▶ **RECORDS FOR THIS TASK**
-- Opening Marker --

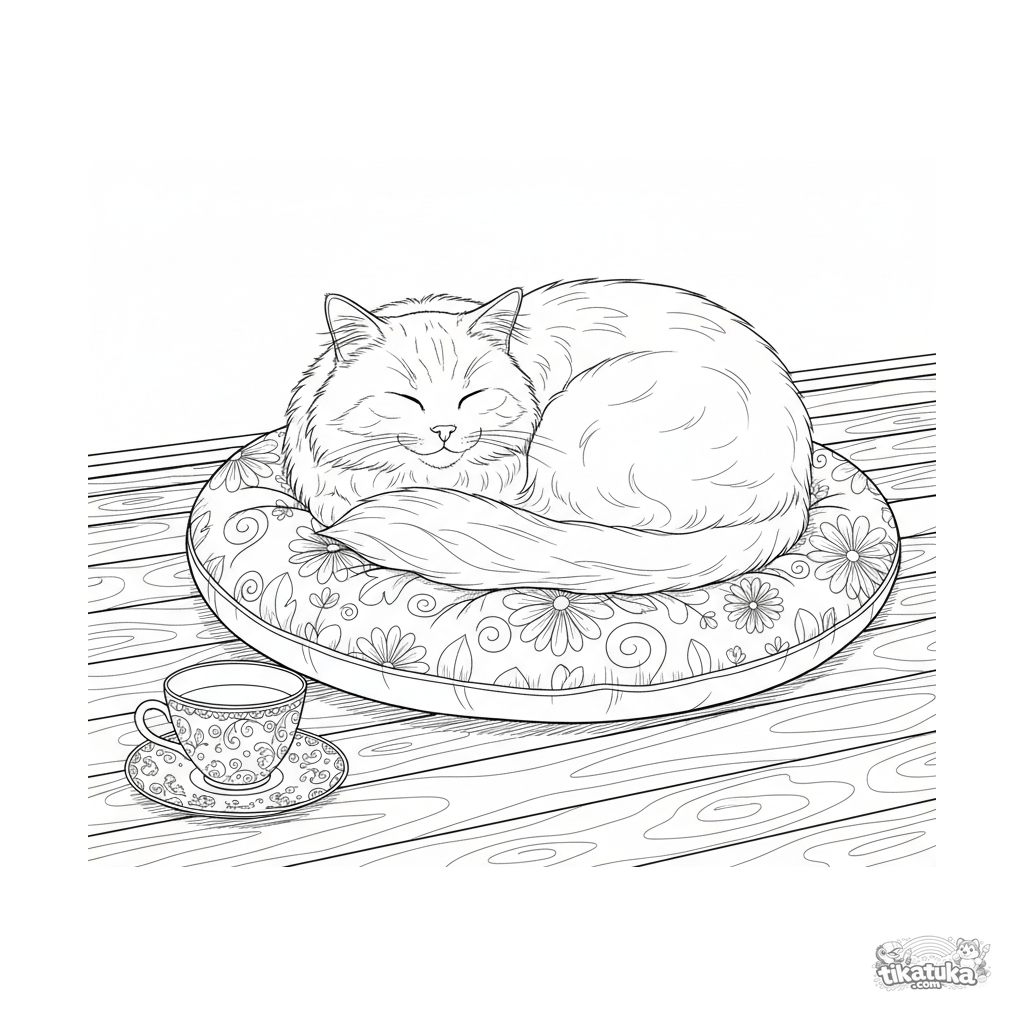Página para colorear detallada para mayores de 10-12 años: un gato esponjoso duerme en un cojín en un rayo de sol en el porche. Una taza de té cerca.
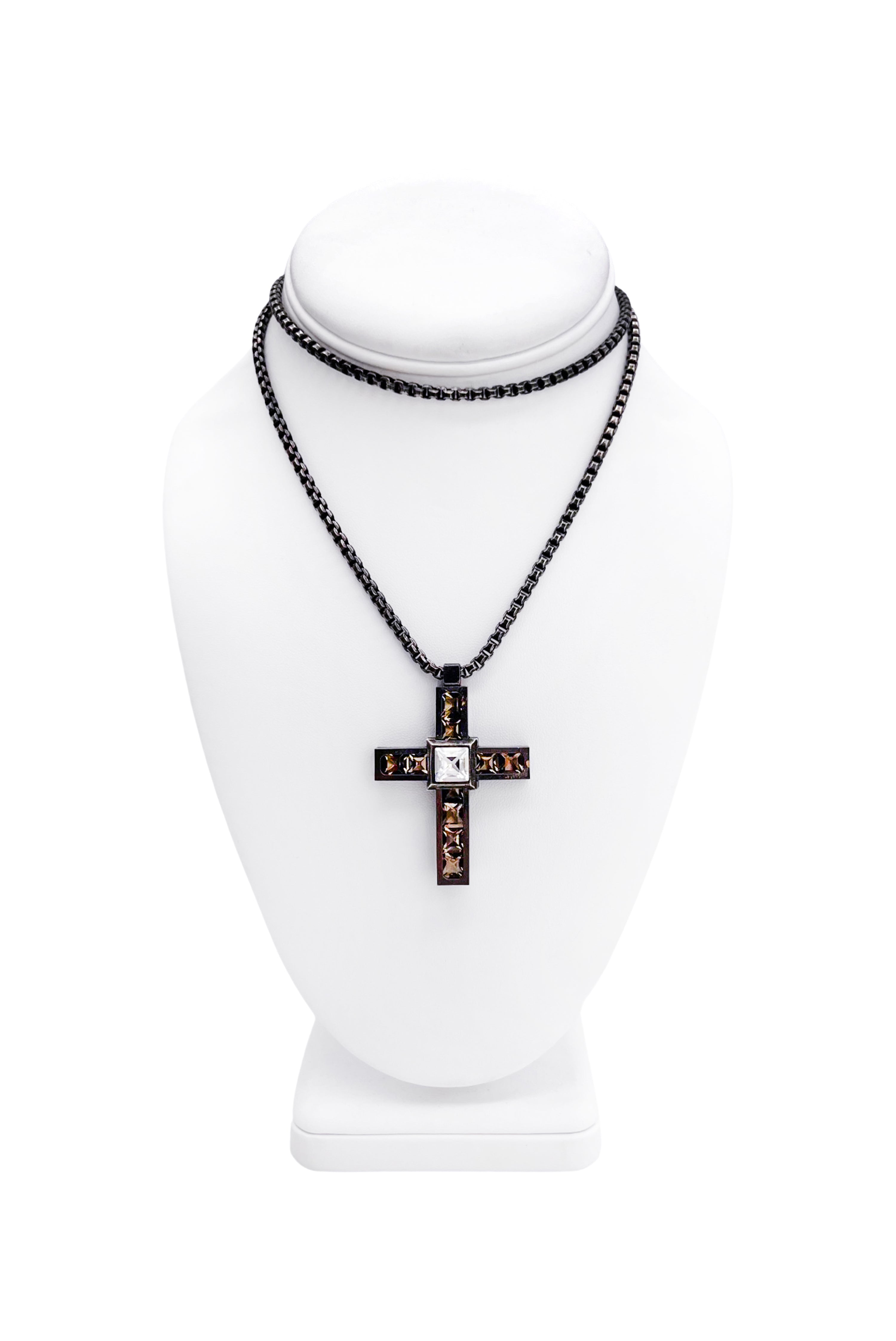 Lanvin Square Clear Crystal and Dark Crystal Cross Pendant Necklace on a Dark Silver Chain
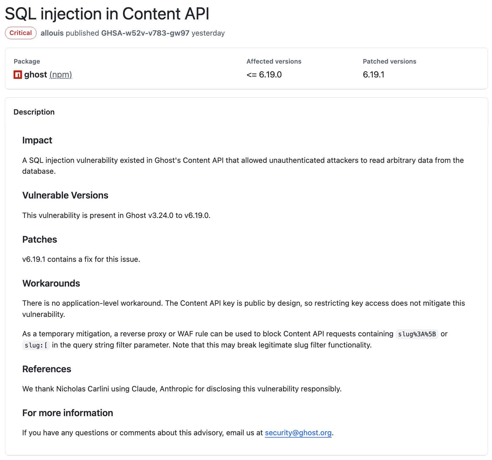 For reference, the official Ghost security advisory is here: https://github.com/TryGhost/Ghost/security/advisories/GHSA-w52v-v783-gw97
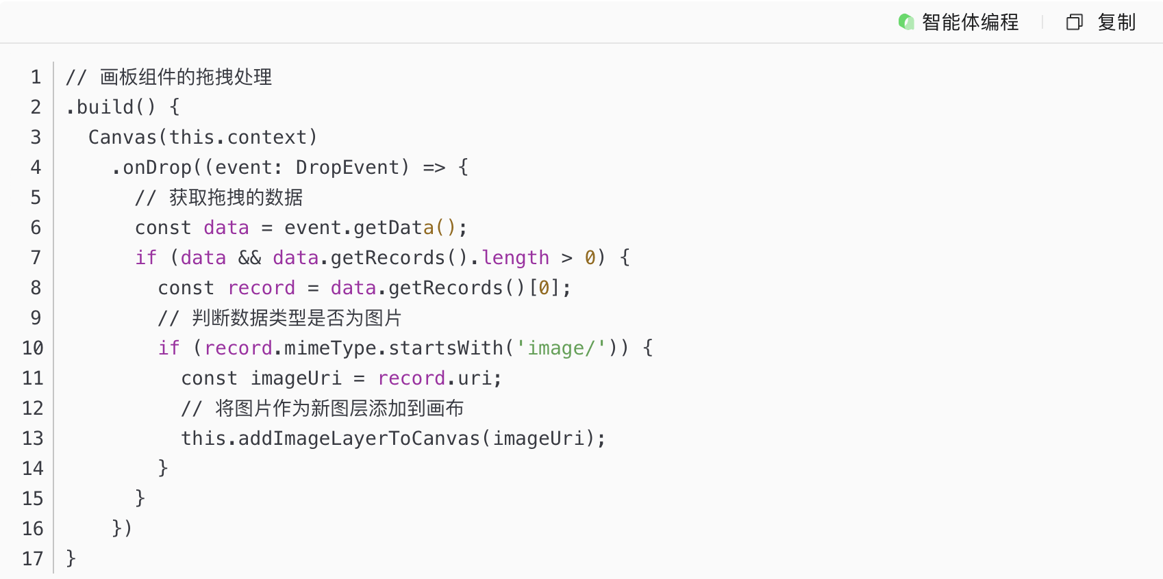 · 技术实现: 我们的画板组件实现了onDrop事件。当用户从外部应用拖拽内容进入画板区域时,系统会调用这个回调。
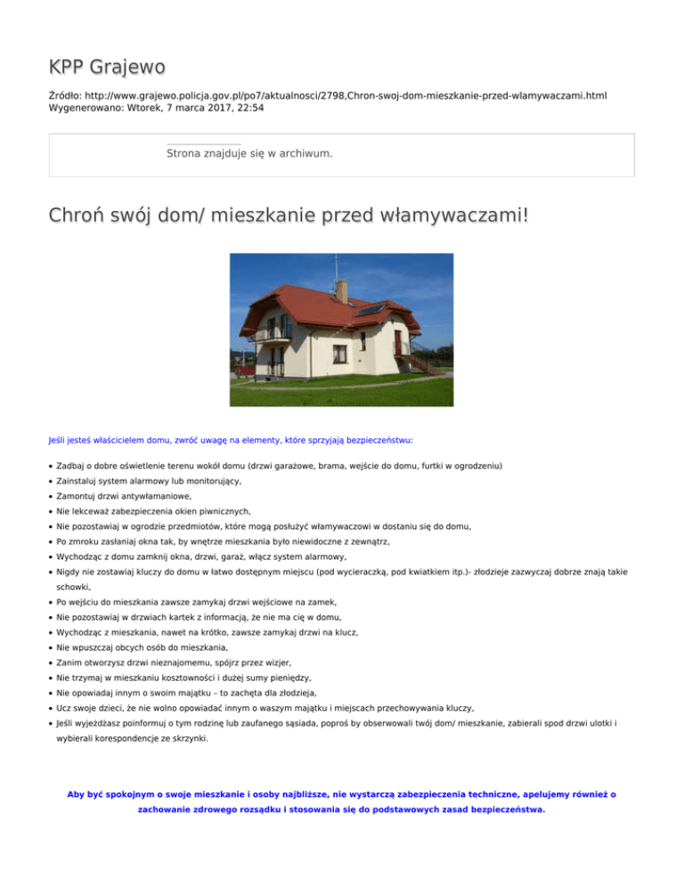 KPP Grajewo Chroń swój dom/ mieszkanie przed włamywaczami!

-- Closing Marker --

▶ **WHAT IS REQUIRED**
Pictures are to be left out; everything else in the entries is reproduced verbatim.

▶ **TASK ANSWER**
Página para colorear detallada para mayores de 10-12 años: un gato esponjoso duerme en un cojín en un rayo de sol en el porche. Una taza de té cerca.
 Lanvin Square Clear Crystal and Dark Crystal Cross Pendant Necklace on a Dark Silver Chain
 For reference, the official Ghost security advisory is here: https://github.com/TryGhost/Ghost/security/advisories/GHSA-w52v-v783-gw97
 · 技术实现: 我们的画板组件实现了onDrop事件。当用户从外部应用拖拽内容进入画板区域时,系统会调用这个回调。
 KPP Grajewo Chroń swój dom/ mieszkanie przed włamywaczami!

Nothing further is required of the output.